* **Activity**
Could you write out, exactly as they stand, only the lines in the listing below from the line with "1、发现页面中可以查看其他老师或用户分享的优质课程" to the line with "3月27日,鸿蒙智行宣布其问", both ends included, without the pictures?
↓
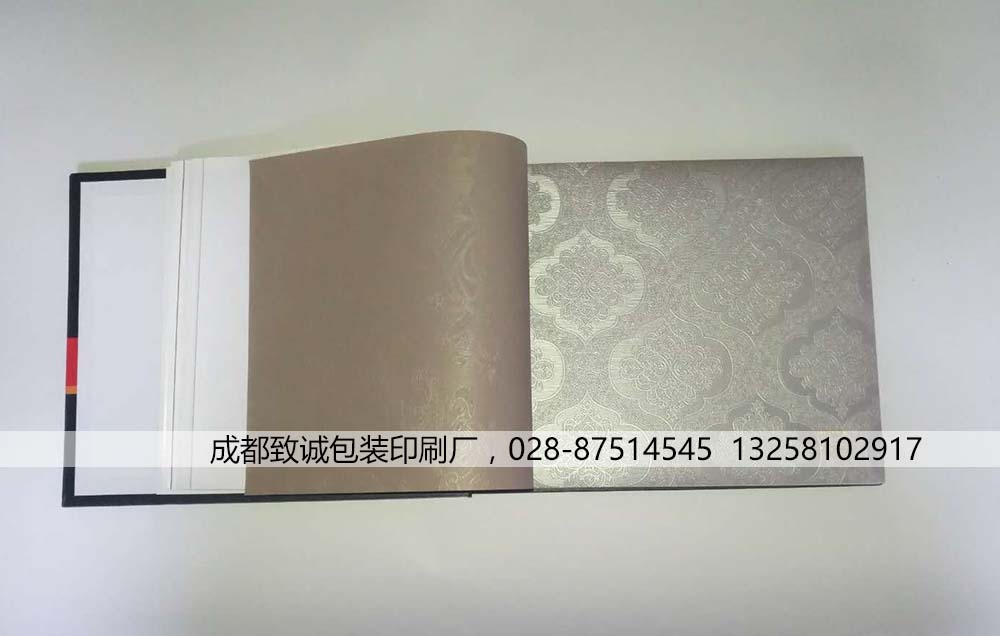 產(chǎn)品材質(zhì):封面3.0工業(yè)紙板,內(nèi)頁157g銅版,墻布樣品為客戶自行提供
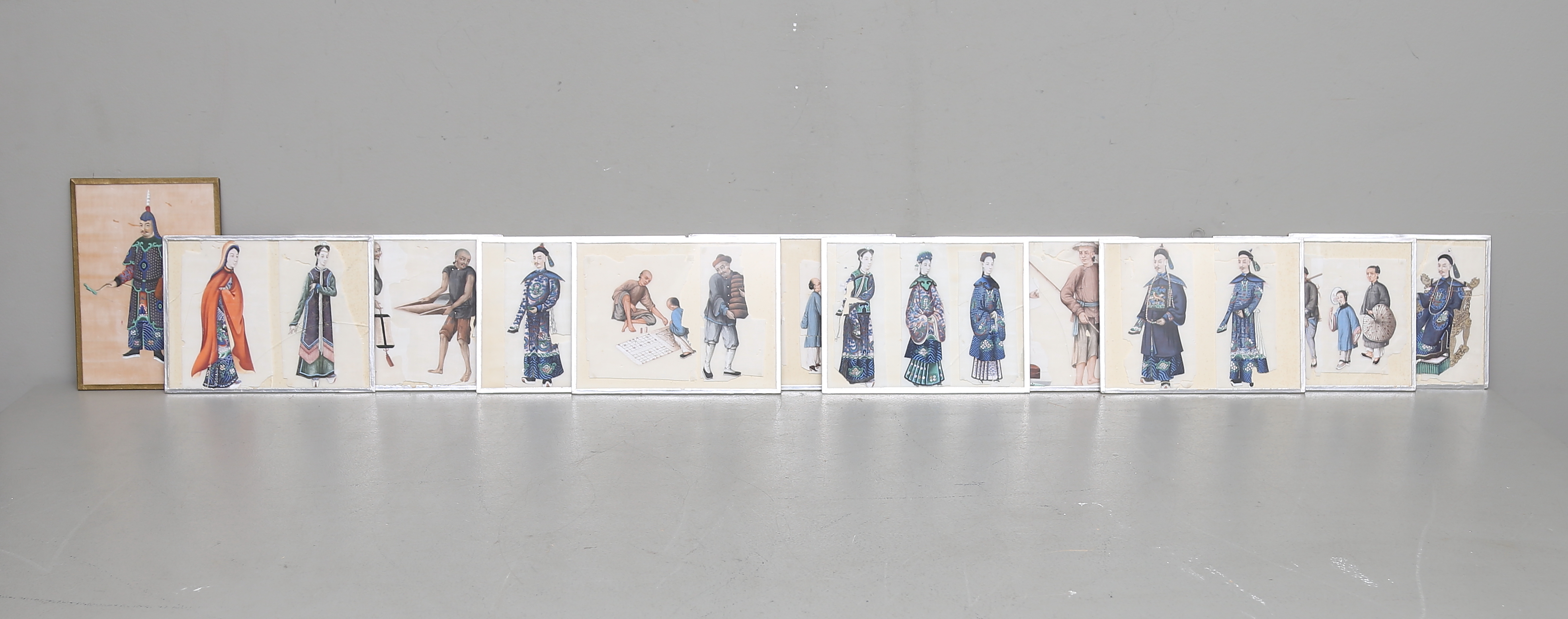 456078. MÅLNINGAR på rispapper, 11 st. Kina. 1800-tal.
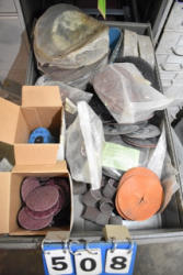 Drawer contents consisting of sanding discs, grinding discs, etc.
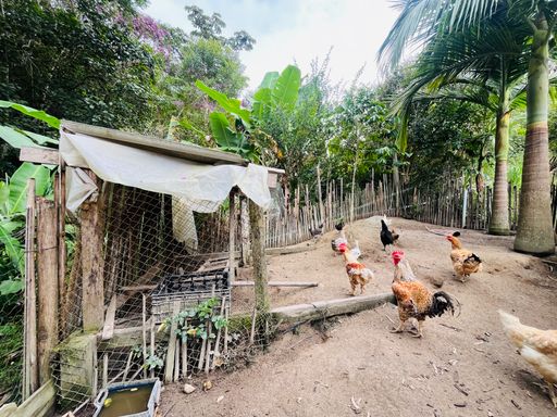 A propriedade dispõe de área de plantio produtiva, pomar formado, galinheiro e barracão de apoio, oferecendo estrutura funcional tanto para moradia quanto para atividade agrícola. A casa principal é simples e aconchegante, composta por 4 dormitórios, sala, cozinha caipira externa, banheiro externo e garagem, atendendo perfeitamente ao uso imediato enquanto novos projetos podem ser desenvolvidos.
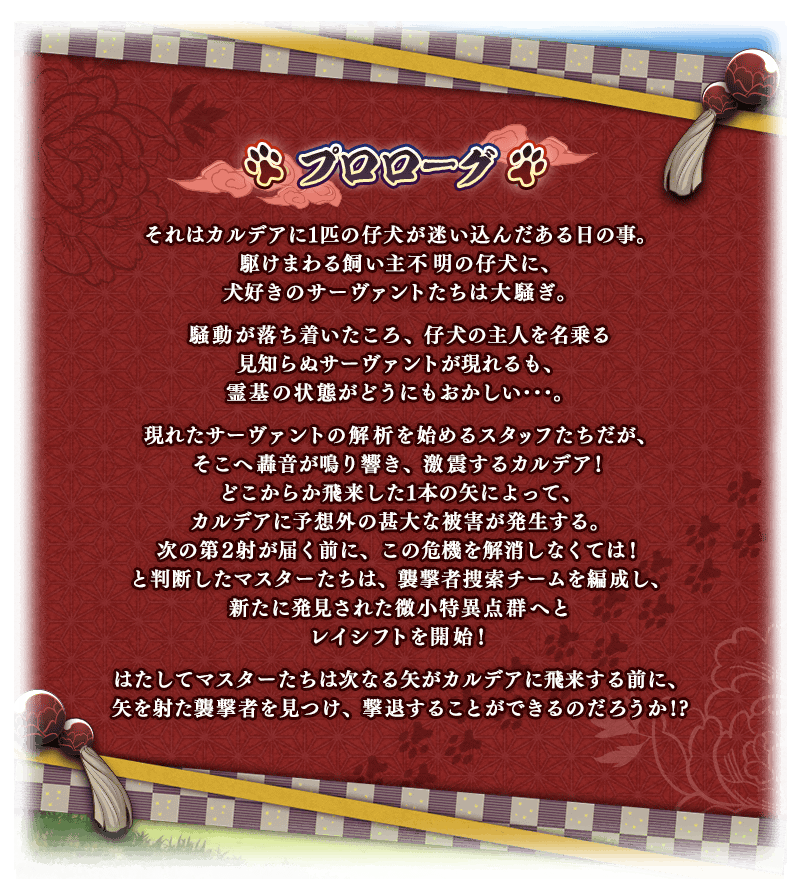 何者かの砲撃により甚大な被害を受けたカルデア。もう一撃を受けたら壊滅を免れないと判断した一行は追撃を防ぐため、発射地点である微小特異点群へとレイシフト。現地で遭遇する八犬士の力を借りつつ、マスターたちは襲撃者の撃退を急ぐ!
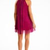 Short dress with a stand-up collar made of fine and shiny mesh and satin lining. It is a light, airy cut that will hide the flaws of beauty.
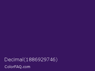 Decimal 1886929746 Color is a dark violet color and the nearest color is Scarlet Gum #431560. Hex code #381560 and RGB value is rgb(56,21,96). In RGB color space, this color is composed of 22% red, 8% green, 38% blue, In CMYK color space, this color is composed of 42% cyan, 78% magenta, 0% yellow , 62% black , In HSL color space, this color has a hue angle of 268° , 64% saturation and 23% lightness.
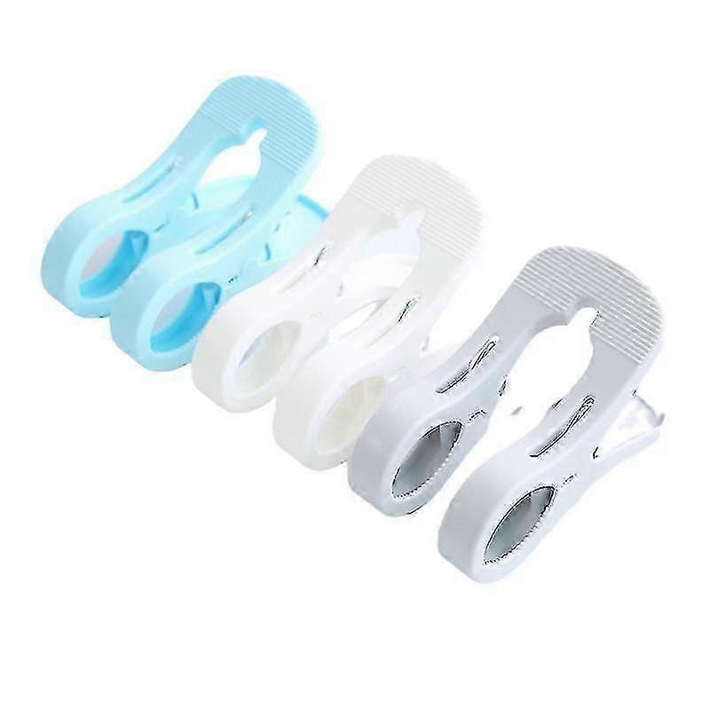 Very Strong Spring Coil- large clothes peg Ideal for tightening and holding your quilt, duvet cover, curtains or clothes to prevent them from falling off the hanger on a windy day No Sharp Edge- Large Clothespin To prevent damage to clothes Large Size- Can hold heavy items like carpets and quilts, sort clean clothes into the cupboard Multi-Function- Can clip the canvas to a frame, hold a tablecloth on the table outside. Ideal for daily life and travelGrayx2 and Whitex2 and Bluex2 Note: Due to the light and screen setting difference, the item's color may be slightly different from the pictures. Please allow slight dimension difference due to different manual measurement.
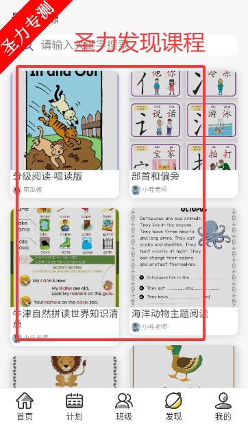 1、发现页面中可以查看其他老师或用户分享的优质课程
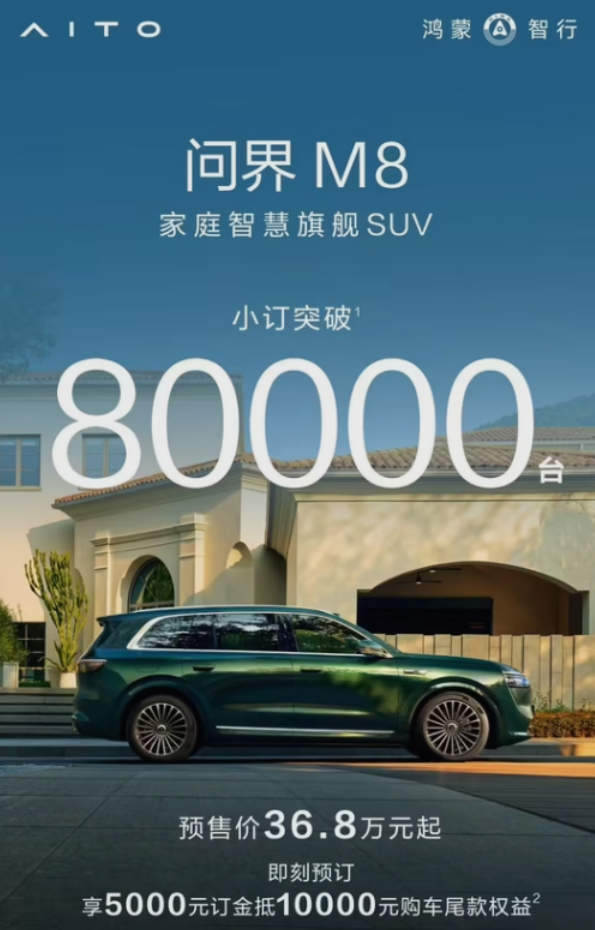 3月27日,鸿蒙智行宣布其问界M8车型预订量已超过8万台。据了解,问界M8于3月6日开启预订,预售价36.8万元起,将于4月中旬上市。
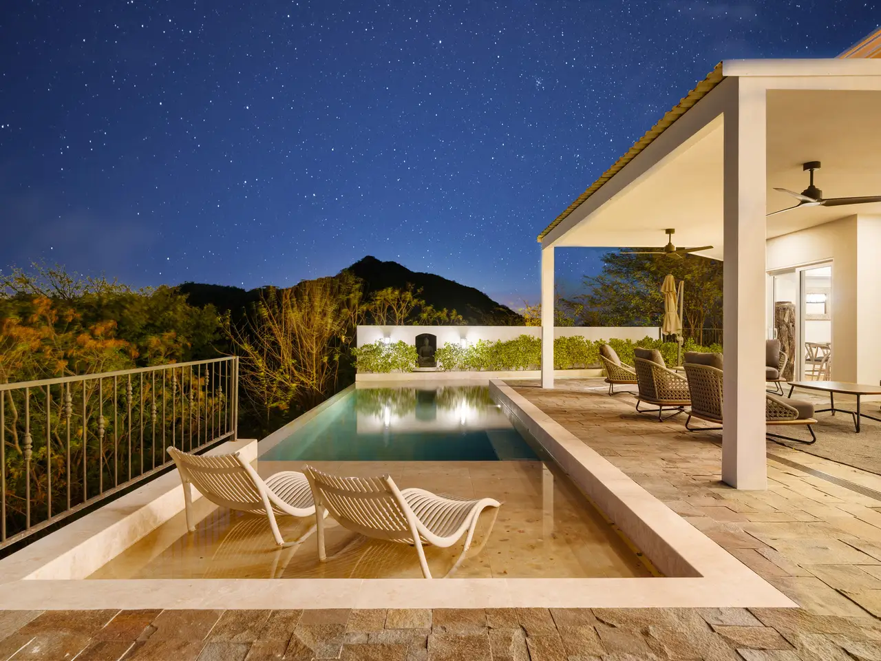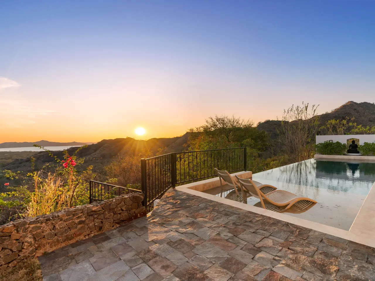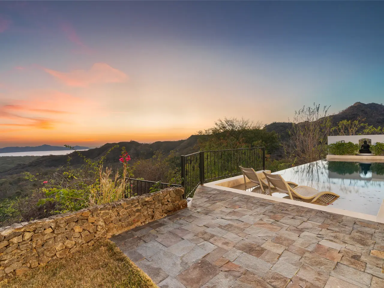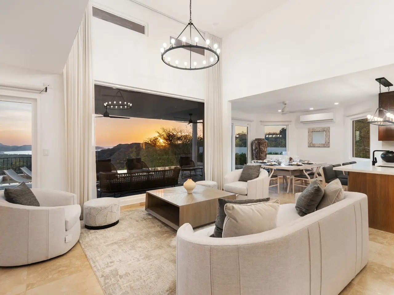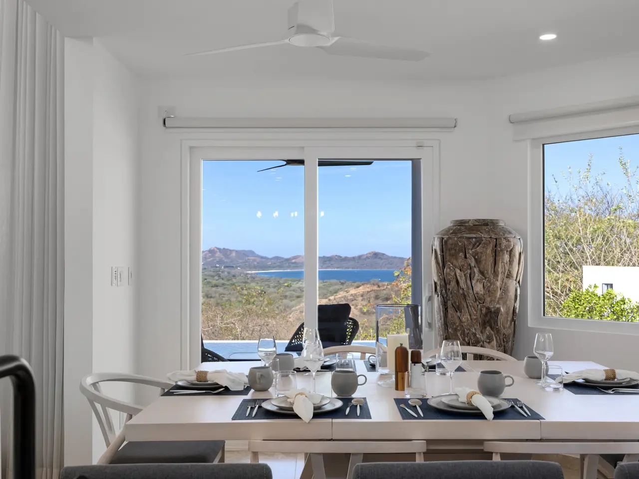Casa Sunset – Ocean View Retreat in Mar Vista Discover Casa Sunset, a beautifully renovated coastal retreat located at the top of the prestigious Miramar section within the exclusive Mar Vista community. This luxurious property features a two-story main home with 3 bedrooms and 3.5 bathrooms, plus a separate 1-bedroom, 1-bathroom apartment which is perfect for guests or rental income. Spanning 3,200 sq ft of elegant living space on a sprawling 5,163 m² lot, Casa Sunset offers breathtaking panoramic ocean and mountain views in a peaceful, private setting, with plenty of room to expand. Completely remodeled in a refined tropical modern style, the home features floor-to-ceiling windows and high-end Pella sliding doors that seamlessly connect indoor and outdoor living. Natural travertine marble graces the floors and bathroom walls, while all cabinetry is custom-made from rich local hardwoods. The home is sold fully furnished with imported designer pieces from Casa Nova, making it completely turnkey - just bring your suitcase and start enjoying paradise! Step through the front door and be instantly captivated by the panoramic view of the Pacific Ocean. To your left, a spacious guest suite awaits with a queen bed, private bath, cozy sitting area, and large windows that perfectly frame the sea. To your right, the open-concept living space flows effortlessly between the living room, dining area, and gourmet kitchen. The kitchen is a chef’s dream, featuring custom hardwood cabinetry, sleek white quartz countertops, and brand-new stainless steel appliances. The principal suite occupies the second floor and offers even more dramatic, sweeping views of the ocean. This stunning retreat features a luxurious king bed, a serene sitting area, and a spa-inspired bathroom straight out of a magazine. The bathroom boasts two ocean-facing showers and a soaking tub, all framed by a striking wall of sea green tile that brings the coastal beauty indoors. The living room showcases a dramatic two-story vaulted ceiling with an entire wall of glass, capturing the endless ocean horizon in all its glory. Just behind the kitchen, you’ll find a large laundry room, ample built-in storage, garage access, and a generous second guest bedroom. This space is thoughtfully designed with four custom bunk beds, a sitting area, and a dining/game table—perfect for entertaining children or hosting extra guests. Sliding doors lead directly to the lush outdoor space. Step outside to a spacious covered terrace ideal for alfresco dining or simply relaxing in the shade. The L-shaped infinity-edge pool, complete with a built-in lounging shelf, overlooks the majestic mountains and the iconic white sands of Playa Conchal. With unforgettable sunsets and views that stir the soul, Casa Sunset is more than a home—it’s a serene coastal sanctuary where luxury meets nature. Owning property in Mar Vista means enjoying a secure, upscale community just minutes from the new Flamingo Marina, top international schools, and some of Costa Rica’s most beautiful beaches. With resort-style amenities, breathtaking views, and a strong sense of community, it's the perfect location for a full-time family home or a high-performing vacation rental. Make Casa Sunset yours! Please reach out today for a private viewing.
↑
* **Reply**
 1、发现页面中可以查看其他老师或用户分享的优质课程
 3月27日,鸿蒙智行宣布其问界M8车型预订量已超过8万台。据了解,问界M8于3月6日开启预订,预售价36.8万元起,将于4月中旬上市。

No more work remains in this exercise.